不是完整的纹样,只有小小一截,藏在发带内侧,不翻过来根本看不见。
千寻昙握着那枚发带,看了很久。
唐三打开了他的锦盒。
里面是一枚暗器。
很小,小到可以藏进指缝。通体乌金色,泛着幽冷的寒光,形制介于透骨钉和龙须针之间,是他从未见过的样式。
盒底垫着一片薄薄的素笺,上面用清隽的小楷写着两个字。
无名。
雪清河没有落款。
精神海里,相思的声音又冒了出来,这次带着浓浓的睡意。
“那个人……”她含含糊糊地说,“相思好像在哪里见过他……”
“在哪里?”唐三问。
“……想不起来了,”相思的声音越来越低,“睡太久了……脑子糊糊的……”
然后她就真的睡着了。
千寻昙把发带收进怀里,贴着那枚玉扣。
唐三合上锦盒,也收进了袖中。
两人在原地站了一会儿。
“他说那位故人,”千寻昙开口,“也极爱月白。”
唐三看着她。
“你信吗。”她问。
唐三想了想。
“他不必说这些。”他说。
千寻昙没有说话。
她知道他什么意思。
雪清河是天斗太子,宁风致的弟子,未来的帝国继承人。他若只是想笼络一支崭露头角的魂师队伍,有千百种更体面、更得体的方式。
送发带,送暗器,说故人。
没必要。
但他做了。
千寻昙垂下眼。
她忽然想起很小的时候,兄长教她认人。
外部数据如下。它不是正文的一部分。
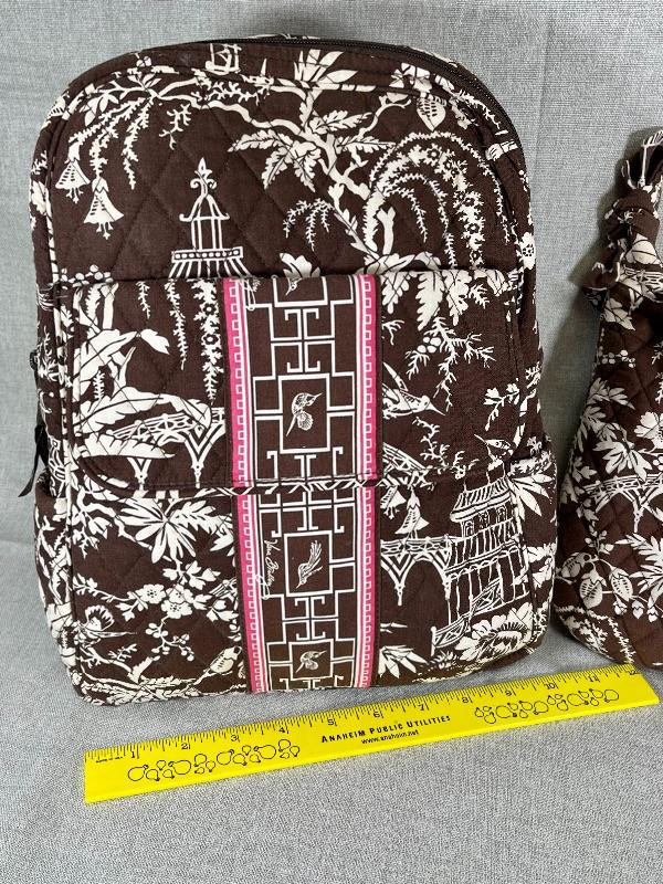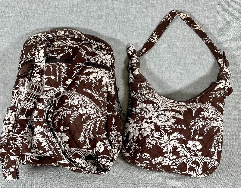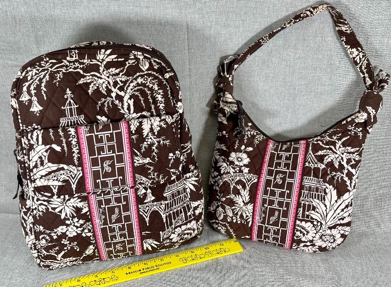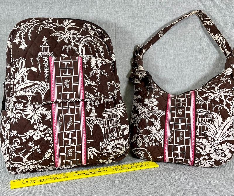 Matching set of Vera Bradley IMPERIAL TOILE bags. Zipper backpack and a hobo shoulder bag, Brown with with and pink floral Asian inspired design. Both in good condition.
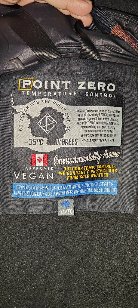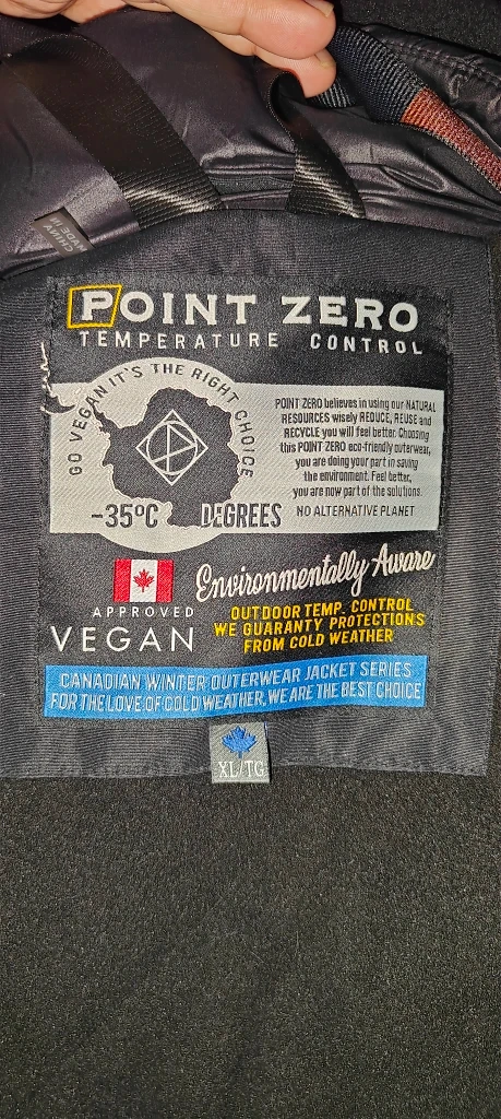 Point Zero Temperature Control winter jacket in size XL/TG. It's a vegan jacket designed for cold weather, offering outdoor temperature control and protections from cold weather. It's in great condition and ready for the Canadian winter!

他说,看一个人,不要看他说什么,要看他做什么。说话可以骗人,做事骗不了。
她不知道雪清河在做什么。
但她收下了那枚发带。
风穿过街道。
“回去吧。”唐三说。
“嗯。”
两人并肩往回走。
走出几步,千寻昙忽然停下来。
“阿唐。”她说。
唐三看着她。
千寻昙没有说话。
她把怀里的玉扣和发带贴得更紧了一些。
唐三点了点头。
两人继续往前走。
这一次千寻昙走在前头,唐三落后半步。
她没有回头。
但他看见她把怀里的玉扣取出来,和那枚新收的发带放在一起,重新贴进胸口。
他弯了弯唇角。
精神海里,相思翻了个身,嘟囔了一句谁也听不清的梦话。